In the context of the broader value of cave research, it is also important to bring in researchers with no traditional background in the field. To this end, we have ongoing collaborations with a number of researchers, with projects involving:

  • NITROGEN CYCLING – we are working with groups that specialize in both nitrification and archaeal ammonia oxidation to study nitrogen cycling in cave environments, along with processes that can lead to the formation of cave saltpeter
  • PHOTOSYNTHESIS – working with researchers who focus on unusual photopigments we have demonstrated that light can actually bounce around inside of caves, deep into the aphotic zone, where it selects for growth of the microbial community based on the particular wavelength of light.
  • GENOMICS AND METAGENOMICS – we are working with researchers to examine microbial genomic evolution under extreme nutrient limitation and the enrichment of microbial dark matter species within caves.
  • ENGINEERED LIVING MATERIALS - Using unusual cave phenotypes, we are working on engineered polymers with unique functional capabilities.

Watch Hazel's Talks'

Hazel Barton – The surprising microbiology and geomicrobiology of caves

Sunday 19:25 – 19:45 – Watch Lecture
Chair: Andy Eavis

Caves, by their nature, lack sunlight and are geologically isolated. It would therefore seem that the microorganisms found in these environments would be of limited interest. Yet it is the isolated nature of these environments that make them so fascinating to study. Not only do caves contain a remarkable and varied microbial ecosystem, but their very geologic isolation allows us to examine processes that have evolved in the absence of energy input from the sun that cannot be studied elsewhere. The absence of disturbance (such as daily, seasonal or meteorological cycles) allows us to study ecosystems that have been in equilibrium for thousands of years and reveal aspects of microbial evolution and physiology that would be impossible to study in surface ecosystems.

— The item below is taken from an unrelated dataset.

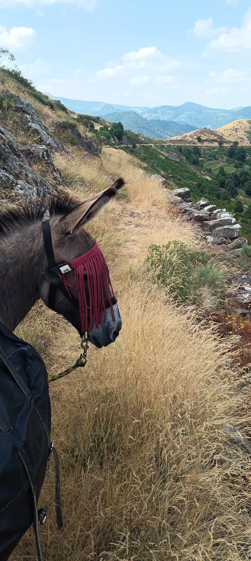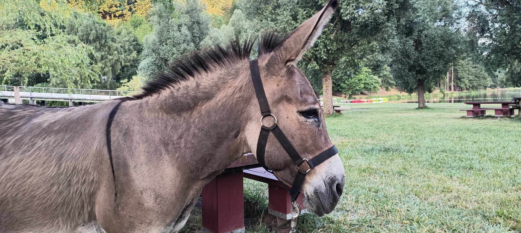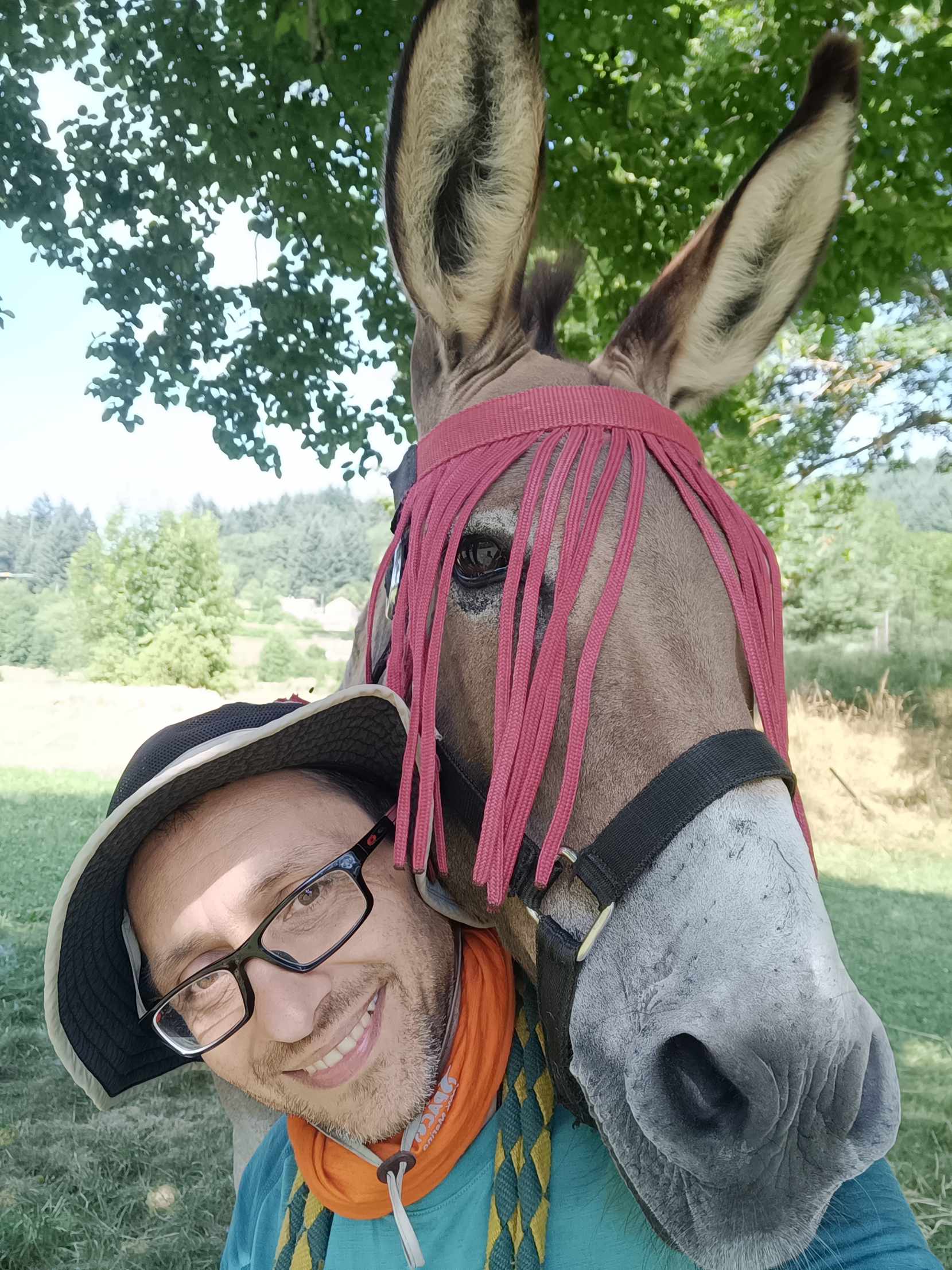 Danach wieder auf der gleichen Strecke wie am Vortag das Navi suchend…. heute ging es teilweise sehr schwierig und teilweise sehr gut voran….ich weiß nicht immer was Nano will, wenn er stehen bleibt und streikt….. einmal habe ich gesehen, dass Decke und Sattel zu weit vorne waren….. manchmal bleibt er auch stehen, wenn wir an eine tolle Aussicht kommen oder er wohl irgendwas sieht …es sieht so aus, als ob er auch von einer schönen Aussicht magnetisiert wird …dann lasse ich ihn auch schauen….. irgendwann mittags kamen wir dann an die Stelle, wo ich bemerkte, dass mein Navi weg ist…. also nicht gefunden….na dann weiter über schöne wilde Pfade bis zum Tagesziel dem See von Saint Martial …mit Campingplatz….dort bin ich einfach mal eingelaufen und fragte, ob sie ein Plätzchen für mich und meinen Freund hätten….und tatsächlich JA….🙂….ein Exklusiv-Platz etwas näher am See als der eigentliche Campingplatz…quasi auf der Picknick Wiese darf ich zelten, damit Nano in Sichtweite ist….fand ich sehr nett….die Frau von der Rezeption war auch von Nano begeistert….meine Elektronik konnte ich auch laden, obwohl das bei der großen Powerbank wohl nicht funktioniert hat…

STARVING IN THE DARK: THE MICROBIOLOGY OF CAVES

Hazel Barton, Department of Biology, University of Akron, Akron, OH 44325-3908, USA.

Sunday 11:00 – 11:30 – Watch Lecture
Chair: John Gunn

Caves represent an important environment for studying microbial community adaptation to the absence of sunlight energy. Through their isolation, microbial community structure is driven by available energy and nutrient sources, from the heterotrophic breakdown of scant allochthonous organic carbon delivered by vadose-zone groundwater to autotrophic growth using in situ redox active compounds. While historically cave microbiology was based on cultivation approaches, the inherent bias of such techniques provided an incomplete view of cave diversity. Modern molecular techniques demonstrate that microbial populations in caves are remarkably diverse and demonstrate both community and organismal adaptations to the resource-limitation of the subsurface. While most studies in caves have focused on the role and diversity of bacterial populations, the fungi and archaea also appear to play important roles in community structure and energetics, albeit at polar ends of the nutrient spectrum. Together these data suggests that current cave microbiology research is starting to reveal the potential for a cave microbiome that represents the core of microbial diversity in caves.